To do - Repeat the records below exactly from the line containing "Elegant 1 bedroom, 2" to the line containing "Врезная кухонная мойка", taking in both of those lines. Drop the pictures.

Material supplied -
::::

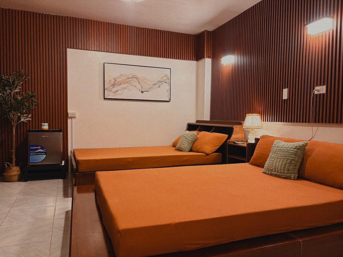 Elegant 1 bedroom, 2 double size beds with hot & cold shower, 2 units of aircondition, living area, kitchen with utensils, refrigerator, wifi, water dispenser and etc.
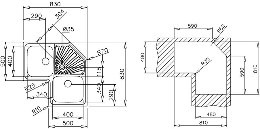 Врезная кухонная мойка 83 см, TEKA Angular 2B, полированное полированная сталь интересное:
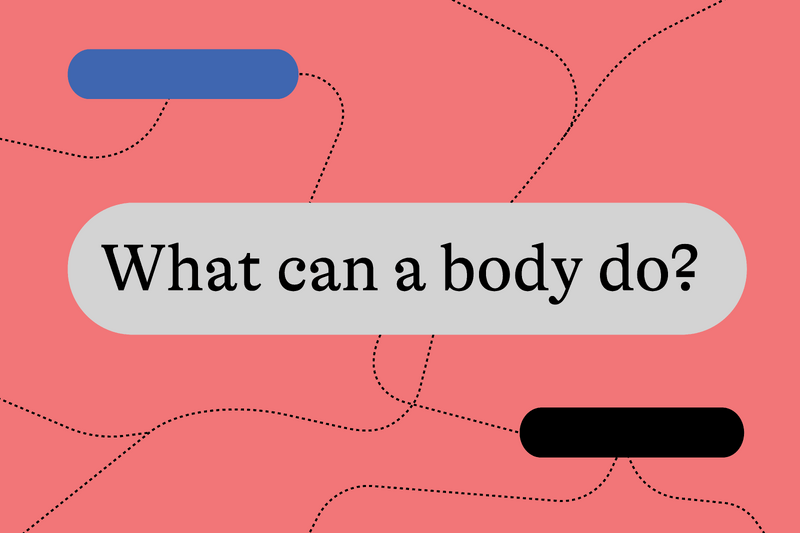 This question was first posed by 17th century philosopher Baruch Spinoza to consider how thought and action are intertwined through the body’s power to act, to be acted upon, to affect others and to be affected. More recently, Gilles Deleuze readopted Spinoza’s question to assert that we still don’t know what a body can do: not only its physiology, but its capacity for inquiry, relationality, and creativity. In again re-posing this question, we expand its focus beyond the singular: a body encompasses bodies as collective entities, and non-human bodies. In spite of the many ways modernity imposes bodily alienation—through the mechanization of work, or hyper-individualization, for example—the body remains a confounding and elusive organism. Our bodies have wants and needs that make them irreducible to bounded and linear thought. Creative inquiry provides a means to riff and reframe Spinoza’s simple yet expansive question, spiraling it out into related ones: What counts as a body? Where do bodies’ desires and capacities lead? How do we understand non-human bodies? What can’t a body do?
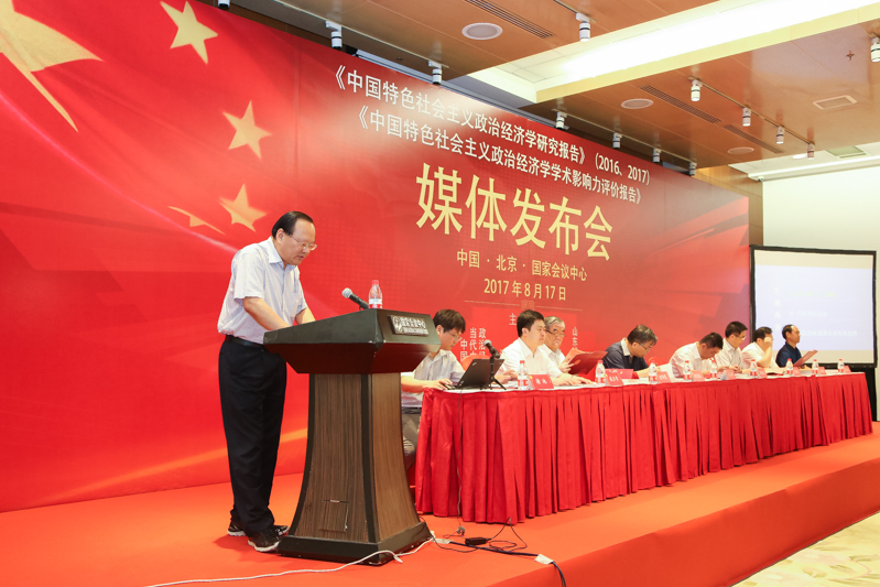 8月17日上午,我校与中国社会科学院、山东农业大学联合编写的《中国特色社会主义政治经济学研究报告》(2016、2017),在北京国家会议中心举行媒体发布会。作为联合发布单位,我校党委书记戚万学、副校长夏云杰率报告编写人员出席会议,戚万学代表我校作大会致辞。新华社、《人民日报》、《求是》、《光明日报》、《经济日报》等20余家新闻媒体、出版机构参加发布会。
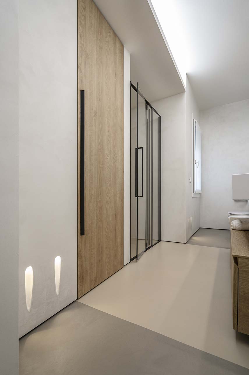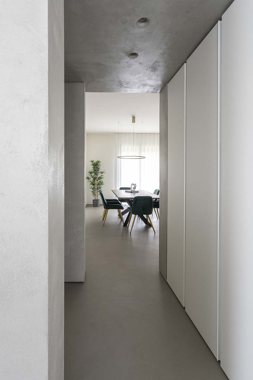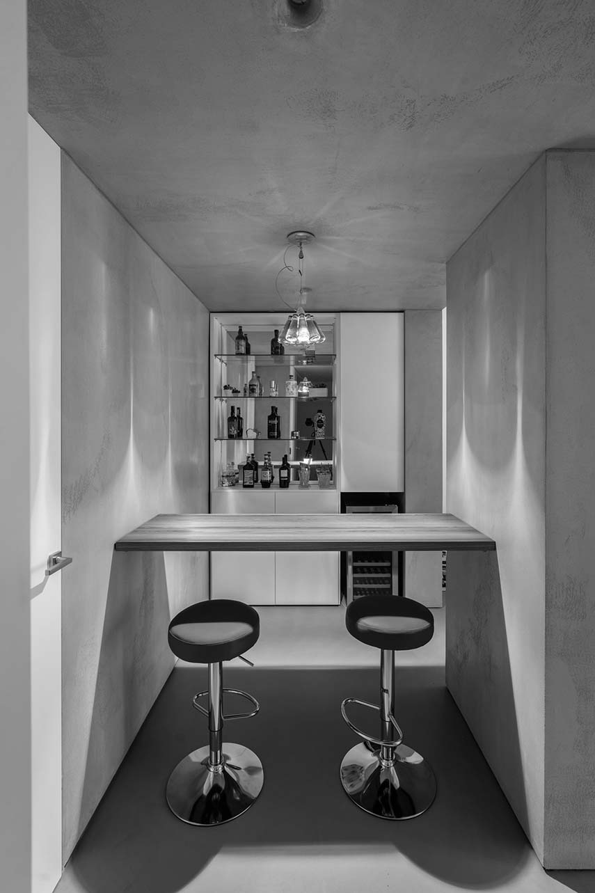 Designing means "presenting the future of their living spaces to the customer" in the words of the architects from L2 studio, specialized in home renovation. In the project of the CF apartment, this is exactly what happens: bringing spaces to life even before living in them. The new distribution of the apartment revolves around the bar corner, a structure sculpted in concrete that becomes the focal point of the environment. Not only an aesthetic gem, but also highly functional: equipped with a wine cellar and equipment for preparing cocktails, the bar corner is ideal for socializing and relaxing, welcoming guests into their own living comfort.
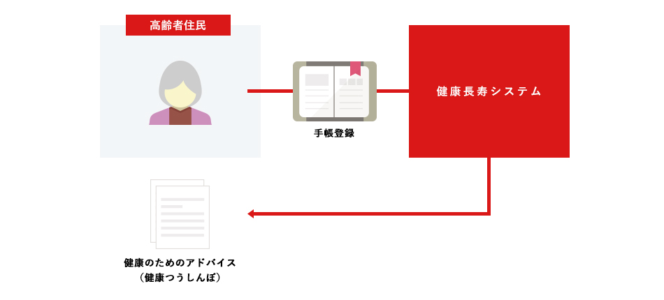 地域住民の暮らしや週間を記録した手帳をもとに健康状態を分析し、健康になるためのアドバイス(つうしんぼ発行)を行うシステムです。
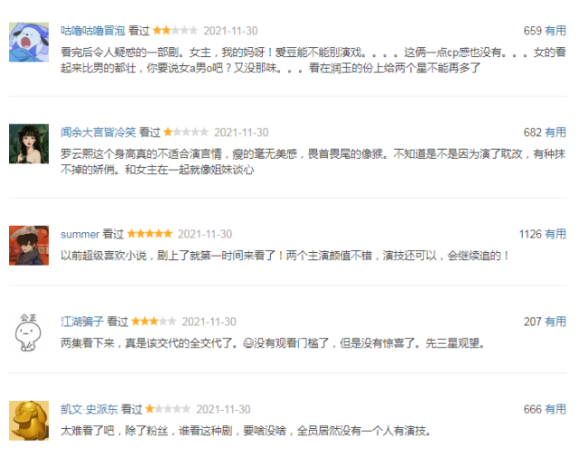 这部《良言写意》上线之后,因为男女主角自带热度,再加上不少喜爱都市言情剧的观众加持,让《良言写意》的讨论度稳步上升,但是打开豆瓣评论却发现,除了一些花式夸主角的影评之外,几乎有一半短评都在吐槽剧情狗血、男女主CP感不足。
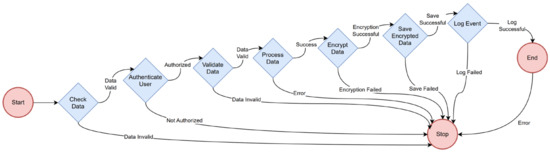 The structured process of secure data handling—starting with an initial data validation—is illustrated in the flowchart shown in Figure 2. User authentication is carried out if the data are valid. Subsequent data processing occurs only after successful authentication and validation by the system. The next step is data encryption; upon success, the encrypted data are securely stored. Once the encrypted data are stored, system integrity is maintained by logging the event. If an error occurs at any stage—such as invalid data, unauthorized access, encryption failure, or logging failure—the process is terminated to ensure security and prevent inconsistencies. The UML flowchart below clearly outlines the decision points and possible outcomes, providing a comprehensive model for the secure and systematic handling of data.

::::

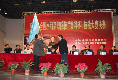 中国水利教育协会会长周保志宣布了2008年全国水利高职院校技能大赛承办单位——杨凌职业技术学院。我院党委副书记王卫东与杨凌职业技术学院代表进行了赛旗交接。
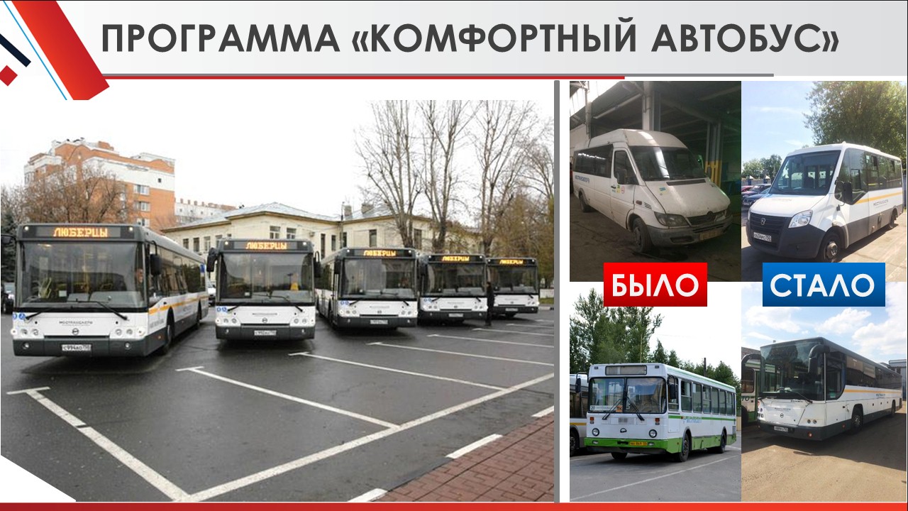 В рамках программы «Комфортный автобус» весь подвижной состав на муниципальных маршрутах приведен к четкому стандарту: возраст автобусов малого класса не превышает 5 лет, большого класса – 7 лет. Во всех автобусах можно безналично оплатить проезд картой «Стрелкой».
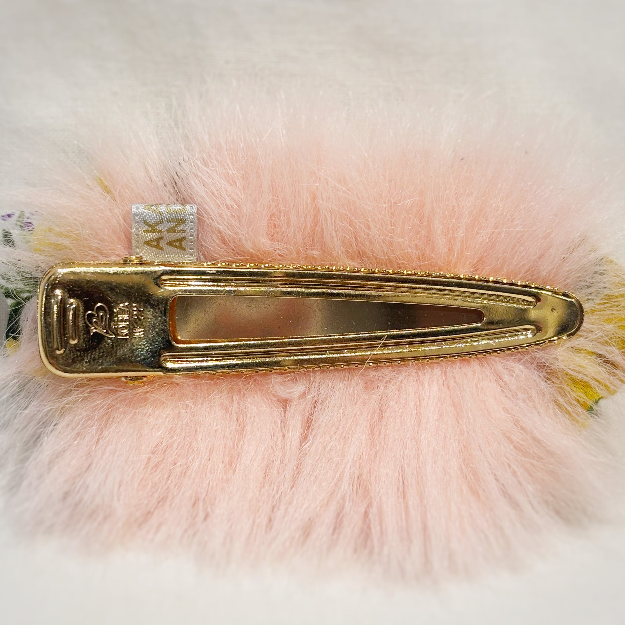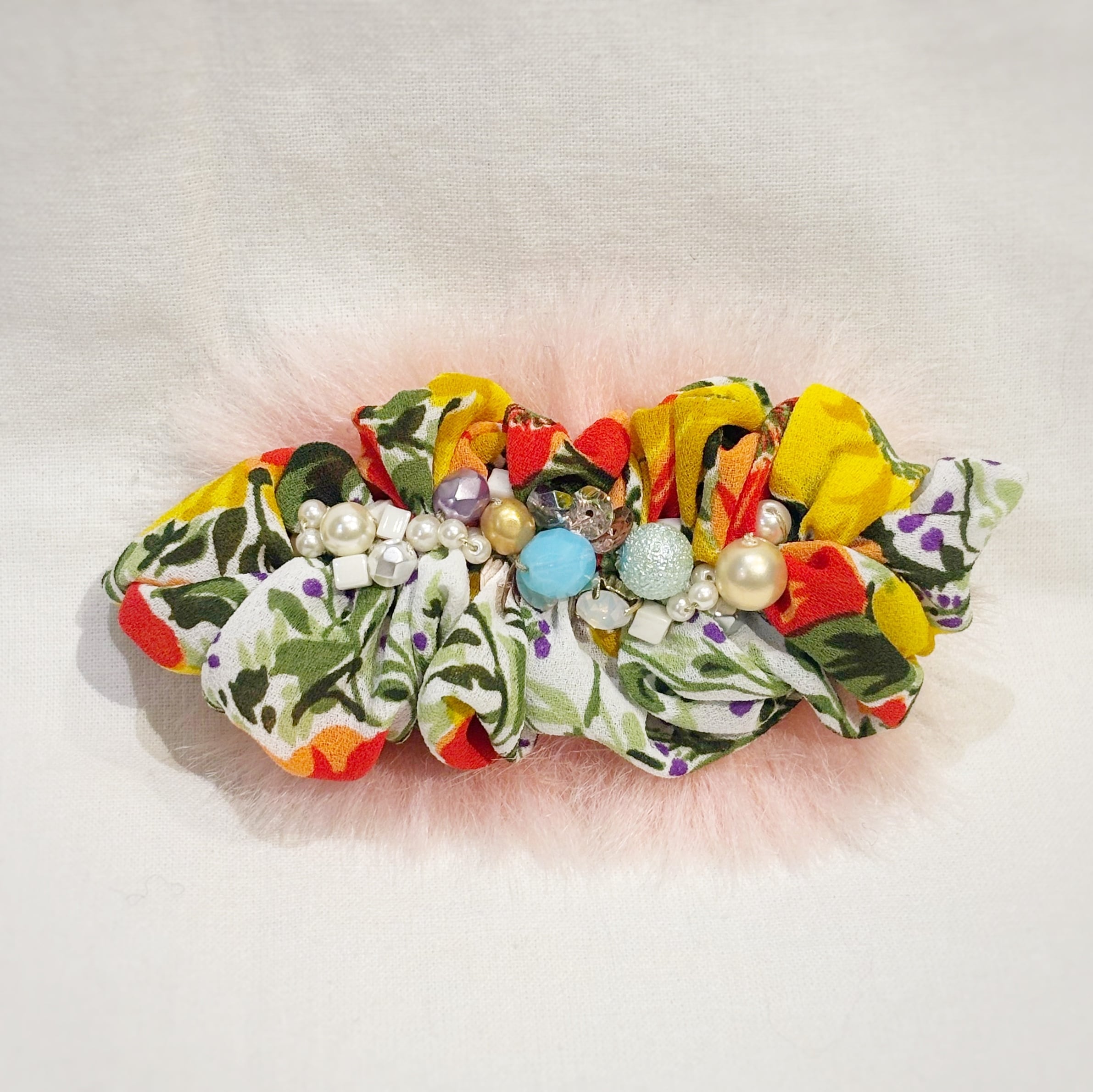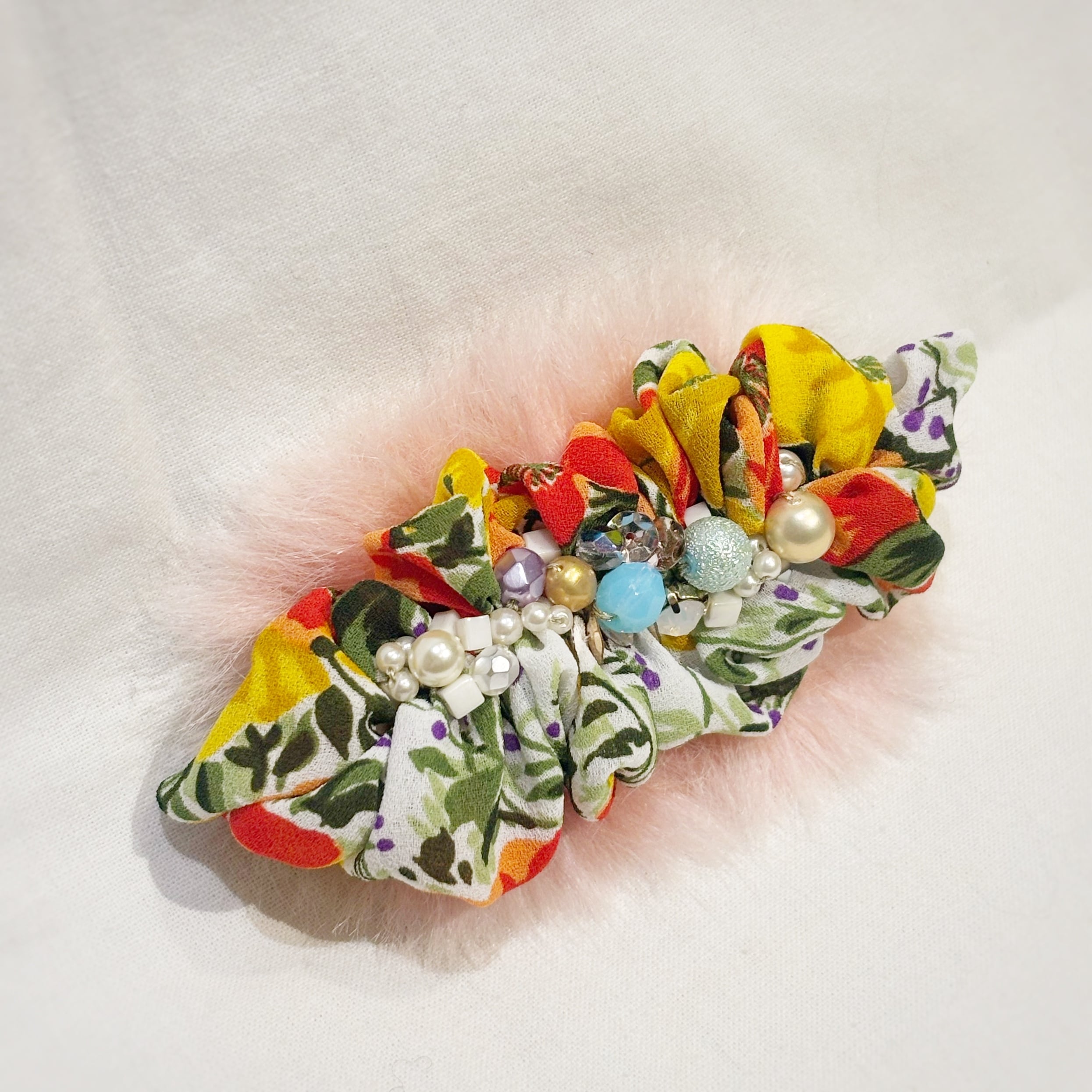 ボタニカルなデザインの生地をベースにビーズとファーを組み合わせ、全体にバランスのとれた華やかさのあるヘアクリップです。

::::

Written answer -
 Elegant 1 bedroom, 2 double size beds with hot & cold shower, 2 units of aircondition, living area, kitchen with utensils, refrigerator, wifi, water dispenser and etc.
 Врезная кухонная мойка 83 см, TEKA Angular 2B, полированное полированная сталь интересное:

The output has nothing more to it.